These images, which were combined to create a mosaic and a movie, show Saturn's A-Ring on the left, the Cassini Division in the middle and dense outer B-Ring on the right.
The Cassini Spacecraft looks toward the unilluminated side of the Rings in these frames from about 49° above the Ring-Plane.
The densest parts of the B-Ring do not let much sunlight pass through to the Spacecraft's camera. Consequently, one might expect these dense areas to appear dark because they are on the Dark Side of the Rings and also because the moon's shadow is draped across them. However, these dense areas may appear brighter than expected in this geometry most likely from Saturnshine reflecting from them: denser regions should look brighter in Saturnshine than other regions. As a result, the moon's shadow appears cut off and diminished in these areas.
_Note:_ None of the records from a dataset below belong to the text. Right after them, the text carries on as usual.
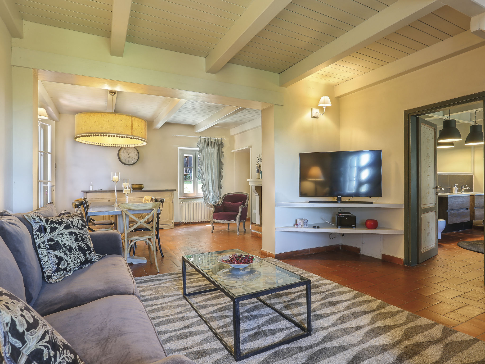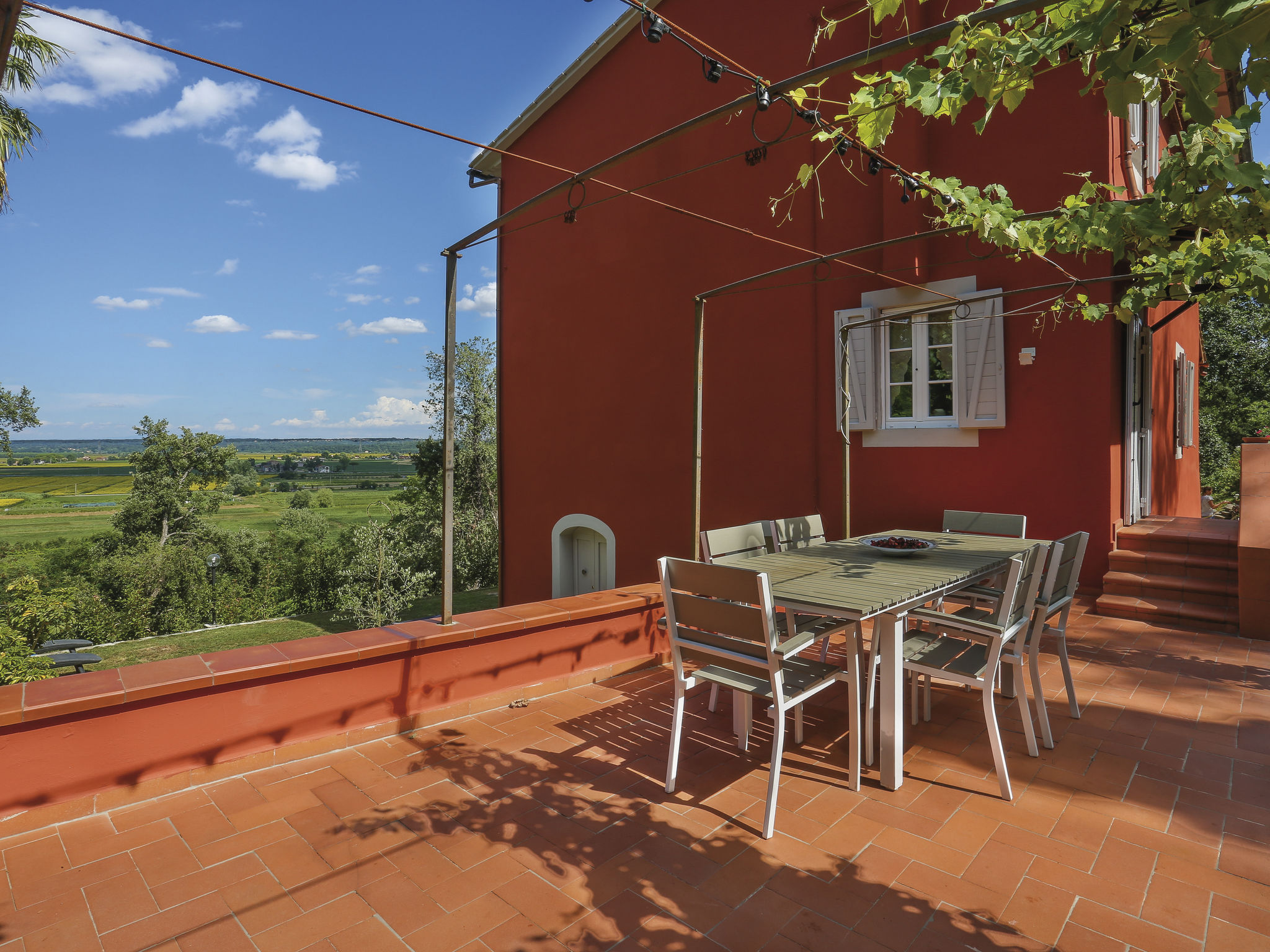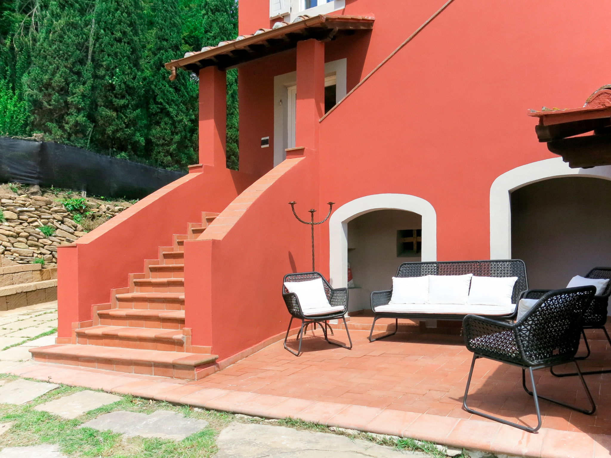4-Zimmer-Haus 160 m2 auf 2 Stockwerken, im erhöhten Erdgeschoss. Renoviert im Jahre 2019, schön und geschmackvoll eingerichtet: Wohn-/Esszimmer mit 1 Doppeldiwanbett, offenem Kamin, Esstisch und Sat-TV. Ausgang zur Terrasse. Küche (5 Kochplatten, Backofen, Geschirrspüler, Mikrowelle, Tiefkühler, elektrische Kaffeemaschine) mit kleinem Esstisch. Bad oder Dusche/WC, Doppelwaschbecken. Obergeschoss: 2 Zimmer, jedes Zimmer mit 1 Doppelbett und Klimaanlage. 1 Zimmer mit 1 franz. Bett. Dusche/WC. Heizung. Holzdielenboden. Terrasse. Terrassenmöbel, Gartengrill. Zur Verfügung: Waschmaschine, Bügeleisen, Kinderhochstuhl, Babybett. Internet (WLAN, gratis). Bitte beachten: Nichtraucher-Unterkunft. Maximal 3 Haustiere/Hunde erlaubt. IT050002C2DV27NHSP
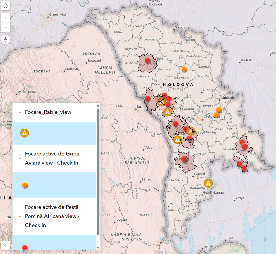 Au fost depistate două focare de gripă aviară în fauna sălbatică la Vadul lui Vodă, municipiul Chișinău și Slobozia-Dușca, Criuleni. Două focare de rabie la porc – Șendreni, Nisporeni; la câine – Chiriet-Lunga, Ceadîr-Lunga și două focare de pestă porcină africană la mistreți Talmaza, Ștefan Vodă și Căbăiești, Călărași.
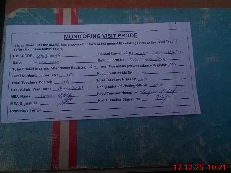 | EMIS Code: 34130086 | Name of School: GPS FAIZ-E-MUHAMMADI | |||

Seventeen images, each taken about 2' and 17" apart, were combined to create this mosaic. Contiguous images were stitched together to create the mosaic showing the whole swath of the Rings across which the moon's shadow passed. Tethys itself is not shown.
The novel illumination geometry created as the Saturnian System approaches Equinox allows moons orbiting in or near the plane of Saturn's Equatorial Rings to cast shadows onto the Rings. These scenes are possible only during the few months before and after Saturn's Equinox which occurs only once in about 15 Earth years. To see similar movie and mosaic of Mimas' shadow moving across the unlit side of the Rings, see PIA11660.
These images have been processed, and background stars have been removed.
The images were taken in Visible Light with the Cassini Spacecraft narrow-angle camera on April 29, 2009. The view was acquired at a distance of approx. 1,3 MKM (such as about 808.000 miles) from Saturn and at a Sun-Saturn-Spacecraft, or Phase, Angle of 52°.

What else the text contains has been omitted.